**PROBLEM TO SOLVE:** Please quote exactly the lines below from the line containing "L801 shown with optional rewinder" to the line containing "FIGURE 1: Total", both lines included, and nothing else.

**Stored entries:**
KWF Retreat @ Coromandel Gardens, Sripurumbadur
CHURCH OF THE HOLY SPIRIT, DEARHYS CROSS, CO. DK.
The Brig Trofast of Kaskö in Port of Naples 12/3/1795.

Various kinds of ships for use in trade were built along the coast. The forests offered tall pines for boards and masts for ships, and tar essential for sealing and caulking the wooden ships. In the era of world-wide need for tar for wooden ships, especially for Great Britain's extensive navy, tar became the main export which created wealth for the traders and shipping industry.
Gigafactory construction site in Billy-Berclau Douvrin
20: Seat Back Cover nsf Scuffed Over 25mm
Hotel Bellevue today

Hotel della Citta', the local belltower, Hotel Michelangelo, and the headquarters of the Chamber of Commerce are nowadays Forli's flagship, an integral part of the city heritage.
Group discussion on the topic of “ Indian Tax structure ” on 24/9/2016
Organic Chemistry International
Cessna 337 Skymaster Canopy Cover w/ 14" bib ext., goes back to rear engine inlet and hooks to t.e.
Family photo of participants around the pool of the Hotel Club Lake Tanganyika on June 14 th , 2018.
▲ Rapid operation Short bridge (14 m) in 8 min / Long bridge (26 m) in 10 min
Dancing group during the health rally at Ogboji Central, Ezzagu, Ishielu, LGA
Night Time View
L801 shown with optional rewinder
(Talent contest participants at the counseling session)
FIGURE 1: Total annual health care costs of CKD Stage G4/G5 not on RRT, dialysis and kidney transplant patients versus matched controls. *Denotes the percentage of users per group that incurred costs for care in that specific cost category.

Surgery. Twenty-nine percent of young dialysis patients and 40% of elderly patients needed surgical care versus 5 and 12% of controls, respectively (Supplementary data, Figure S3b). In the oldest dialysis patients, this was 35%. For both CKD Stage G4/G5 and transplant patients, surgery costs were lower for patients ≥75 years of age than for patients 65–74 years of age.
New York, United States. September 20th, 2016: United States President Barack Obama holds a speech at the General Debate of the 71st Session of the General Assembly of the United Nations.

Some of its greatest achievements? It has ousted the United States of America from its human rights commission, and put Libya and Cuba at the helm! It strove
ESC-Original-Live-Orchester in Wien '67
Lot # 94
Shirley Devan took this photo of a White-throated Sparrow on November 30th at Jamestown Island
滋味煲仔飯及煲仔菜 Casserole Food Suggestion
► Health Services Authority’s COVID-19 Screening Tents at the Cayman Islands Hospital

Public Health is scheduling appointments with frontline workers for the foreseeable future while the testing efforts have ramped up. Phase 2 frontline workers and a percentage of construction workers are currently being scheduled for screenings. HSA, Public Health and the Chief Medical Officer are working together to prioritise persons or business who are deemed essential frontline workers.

**RESULT OF THIS TASK:**
L801 shown with optional rewinder
(Talent contest participants at the counseling session)
FIGURE 1: Total annual health care costs of CKD Stage G4/G5 not on RRT, dialysis and kidney transplant patients versus matched controls. *Denotes the percentage of users per group that incurred costs for care in that specific cost category.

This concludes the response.